Shedding Light on Sublime Sublimation
Ever noticed how snow will disappear without melting? Even in sub-freezing weather, the frost on your car or the snow bank will get smaller. How does this happen? It's called sublimation. Bob explains . . .
On a cold sunny day, you may have noticed that the huge piles of snow pushed onto the edges of parking lots by plows sometimes look as if they're steaming. This is one sign that sublimation is underway.
The snow is turning from a solid directly to a gas, bypassing the liquid watery stage.
More examples of sublimation include:
- Sunny snowfields shrinking and eventually vanishing without melting into water.
- Snowmen starting to shrink even though there's still snow on the ground.
- Snow disappearing from your roof even though it's too cold to melt.
- The snow on your picnic table in the backyard going down even though it's not melting.
- Ice cubes shrinking in the freezer.
All due to ice turning directly into vapor without having to first melt.
If your home's walkway or driveway has gotten a thin coating of ice and snow and you'd rather not use salt, just leave it alone. If the air is dry, as it usually is this time of year, and especially if it's sunny, all that white stuff will go away by itself. Even if it never melts.

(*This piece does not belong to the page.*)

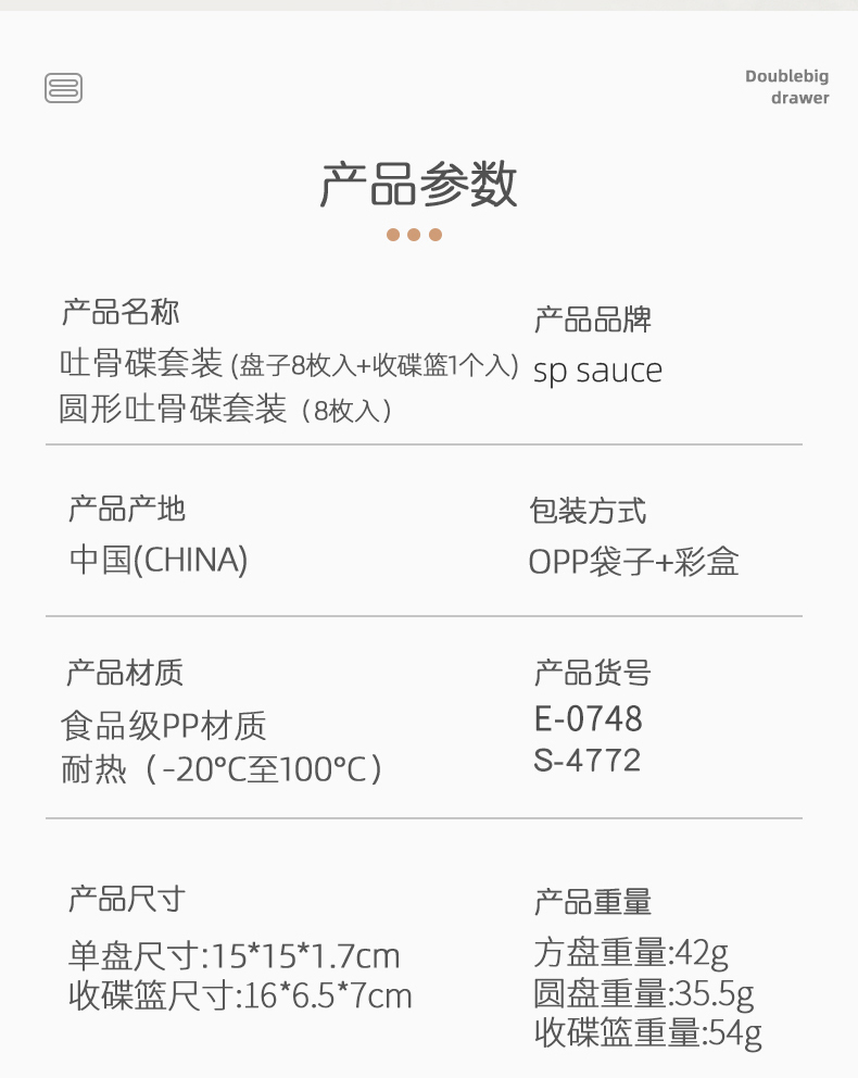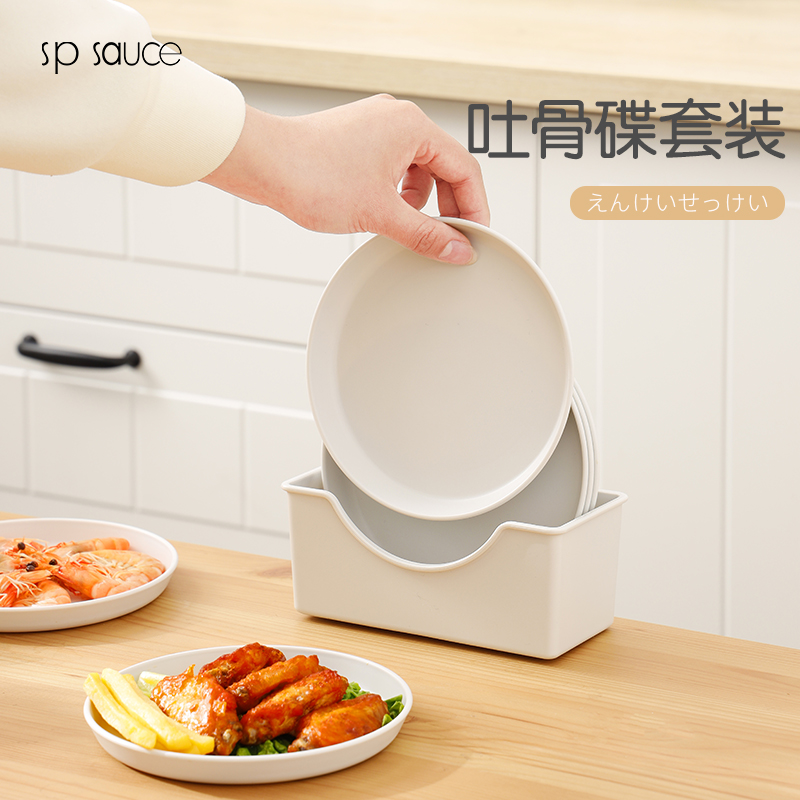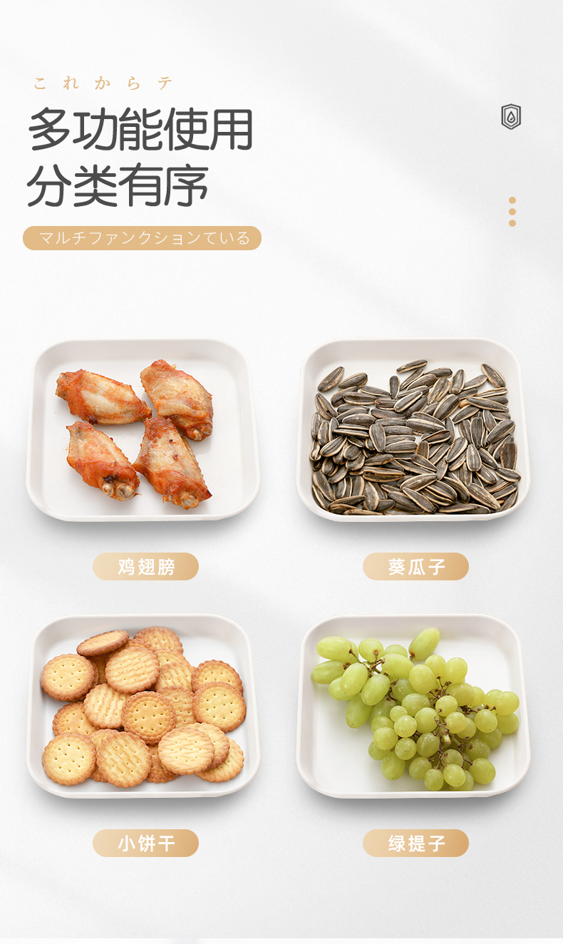 D吐骨碟套装(8枚入) 方形吐骨碟餐桌家用零食小吃点心盘干果水果坚果盘

This is because water molecules will happily go from their liquid or solid phase into their gaseous phase; the only thing that's required is that they're moving fast enough. Each molecule jiggles at a particular speed and in a huge mass of them, some are always moving fast enough to escape the water or ice and join their gaseous buddies in the atmosphere.
Dry air accelerates this phase change. So does sunlight, since water molecules readily absorb the sun's infrared, which makes them jiggle faster. Solar infrared is also why the interior of your car heats up when parked in sunlight.
It's fun when snow and ice sublime. And yes, that's an actual verb.